5. PCR genotyping of targeted ESCs

  1. Aspirate ESCM from the ESC culture dish 5 to 7 days after the first passage (step 4.9) and add 4 mL of PBS. Pick up single ESC colonies with 5 µL of PBS using a 20 µL pipette under a stereomicroscope (30x to 40x magnification). Place the individual colonies in a well of a round-bottom 96-well plate containing 15 µL of 0.25% trypsin-EDTA solution.
  2. Keep the 96-well plate on ice until 48 individual colonies are picked-up. Incubate the 96-well plate for 5 min in a 37 °C humid 5% CO2 incubator, then add 80 µL of ESCM to stop trypsin digestion and dissociate ESC colonies into single cells by pipetting.
    NOTE: Since the KI efficiency of this method is usually 10%-50%, we routinely pick up 48 clones and first perform genotyping using 24 of them. If multiple KI clones cannot be obtained at this point, we further screen for KI using the remaining 24 clones.
  3. Transfer 40 µL of ESC suspension (step 5) to a gelatin-coated feeder-free 96-well plate containing 50 µL of ESCM per well for PCR genotyping. Transfer the remaining 60 µL of ESC suspension into a well in a gelatin-coated 24-well plate, which contains 500 µL of ESCM and feeder MEF, to make the frozen ESC stock.
  4. Stock individual ESC clones cultured in the 24-well plate (step 5.3) until they will reach 60% to 80% confluency. Recover individual ESC clones by trypsinization as mentioned above, collect cells in a new 1.5 mL tube, and centrifuge at 280 x g for 5 min.
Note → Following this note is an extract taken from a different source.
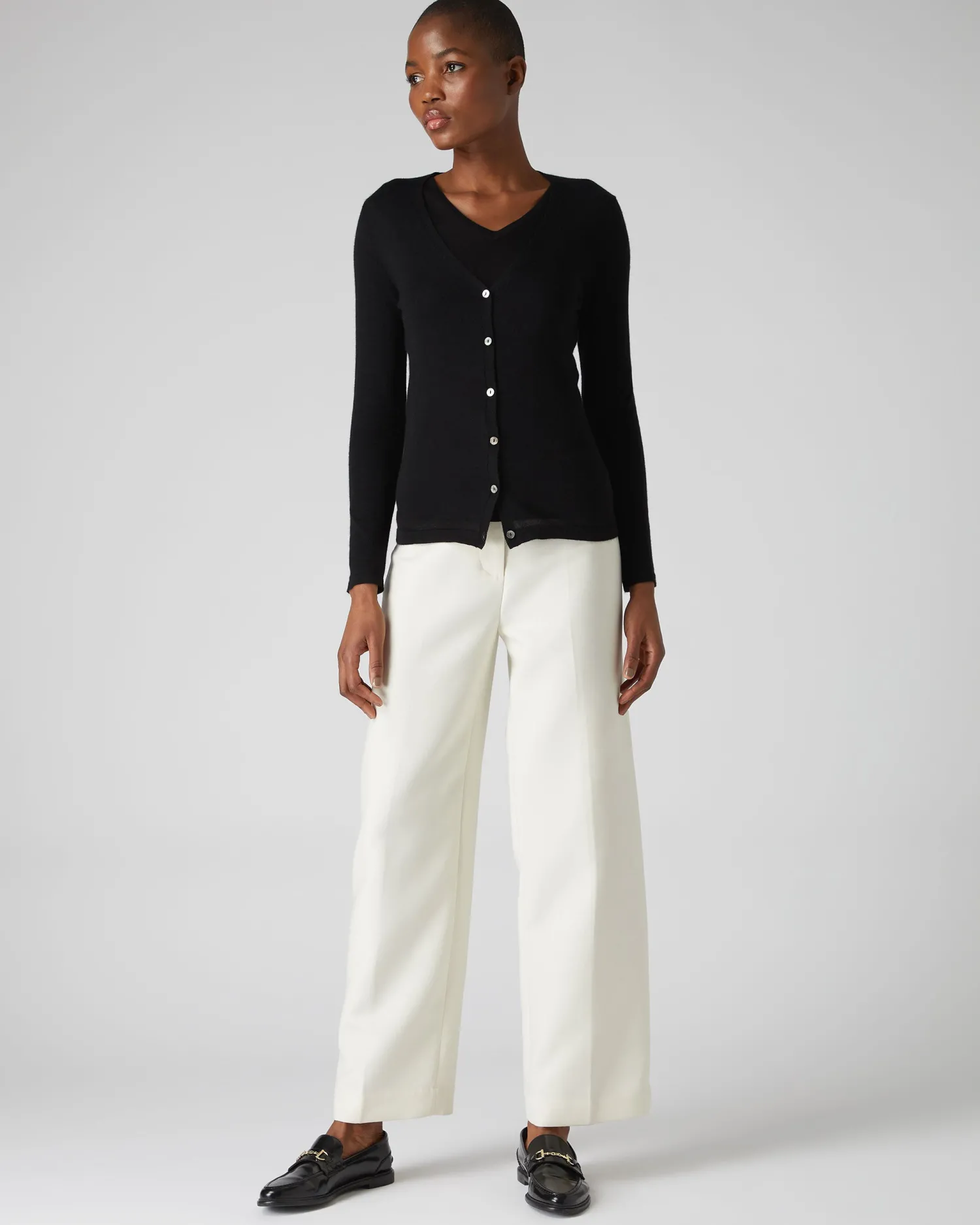 Our indulgent superfine cashmere V neck cardigan is worth a try. 100% Mongolian worsted Cashmere – Yarn spun finer to create a lightweight feel – Beautifully light and soft – Elegant v neck style – Six shell buttons to fasten – Great paired with N.Peal superfine shell top- Our superfine products have a naturally slimmer fit, if you’d like a looser fit (like our other products) or are between sizes, we suggest you size up- Model is wearing size Small- Care: Hand WashnFind our full range of Women’s Cashmere Cardigans here.

Discard the supernatant, resuspend the cells in 500 µL of cell freezing medium, and freeze them using a -80 °C deep freezer.
  5. For PCR genotyping, culture ESC clones in the 96-well feeder-free plate (step 5.3) until the ESC reaches more than 90% confluency. Remove ESCM from each well by aspiration and wash twice with 100 µL of PBS.
  6. Aspirate the PBS and add 100 µL of lysis buffer containing proteinase K, mix well, and transfer the ESC lysate to a new 1.5 mL tube. Heat the ESC lysate at 65 °C for at least 1 h using a heat chamber. Extract and purify the genomic DNA using a conventional phenol-chloroform DNA purification method followed by ethanol precipitation.
  7. Dissolve the precipitated DNA in 20 µL of DNase-free water and determine the purity and concentration of DNA using a spectrophotometer. Perform genomic PCR using locus-specific primer sets to amplify the target region. Then, check the sequence and choose the ESC clones with the desired KI sequences.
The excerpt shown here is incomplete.